Guest Lecture (Professor Christian Weber: “Goethe’s Poetic Realism: Metamorphosis and Mephistopheles”

Guest Lecture (Professor Christian Weber: “Goethe’s Poetic Realism: Metamorphosis and Mephistopheles”

The Department would like to invite you to an in person lecture by Professor Christian Weber (Florida State University) entitled “Goethe’s Poetic Realism: Metamorphosis and Mephistopheles” on Thursday, April 21st, 4-6 PM, Munk School, 1 Devonshire Place, Room 108N (see below for abstract and short bio, poster attached).

We are very much looking forward to seeing you at the event!

Christine Lehleiter
Associate Professor of German
Department of Germanic Languages and Literatures University of Toronto

Abstract: In societies, the real becomes an issue either as a symptom of crisis when a catastrophic revolutionary event disrupts the normalcy of reality or at a period of stagnation when social norms and cultural forms have become so rigid that humans strive to break through the symbolic order in order to experience life again with physical intensity and emotional intimacy. In response to the Christian orthodoxy and rationalist ideology of his youth and to the scientific and political revolutions later in his life, Goethe’s quest for the real turned to nature and to his own poetic talents. This presentation will characterize Goethe’s distinct notion of poetic realism not as a literary concept but as both a method of constructive inquiry and a method of deconstructive criticism. These diverging methods call for different techniques of (re)presentation: Regarding the former, Goethe employs rhetoric and poetic devices of evidence in the poem “Die Metamorphose der Pflanzen,” whereas the latter finds a prime example in the hypotyposis of the figure Mephistopheles as the metamorphic driving force of destruction in Faust.

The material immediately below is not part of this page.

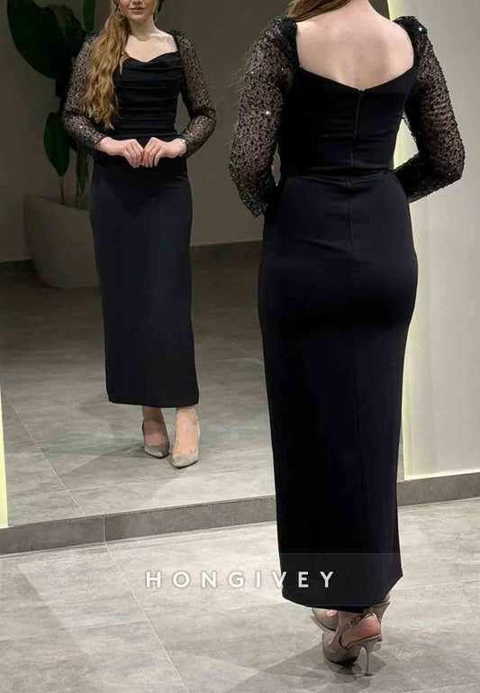 Square Long Sleeves Formal Gowns Ankle-Length Black Appliqued Column Evening Gowns

CHRISTIAN P. WEBER is an Associate Professor of German at Florida State University. His research aims for a comprehensive phenomenological and critical investigation of the human imagination in its various manifestations, ranging from ancient mythologies and Judeo-Christian theology to the emergence of national ideologies and global worldviews. Core areas of his research include Goethe, romanticism, aesthetic theory, lyric poetry, and biopolitical metaphors of nationalism. He is the author of Die Logik der Lyrik: Goethes Phänomenologie des Geistes in Gedichten (Rombach, 2013) and currently works on a book tentatively entitled “Goethe’s Aesthetics of Poetic Attributes.”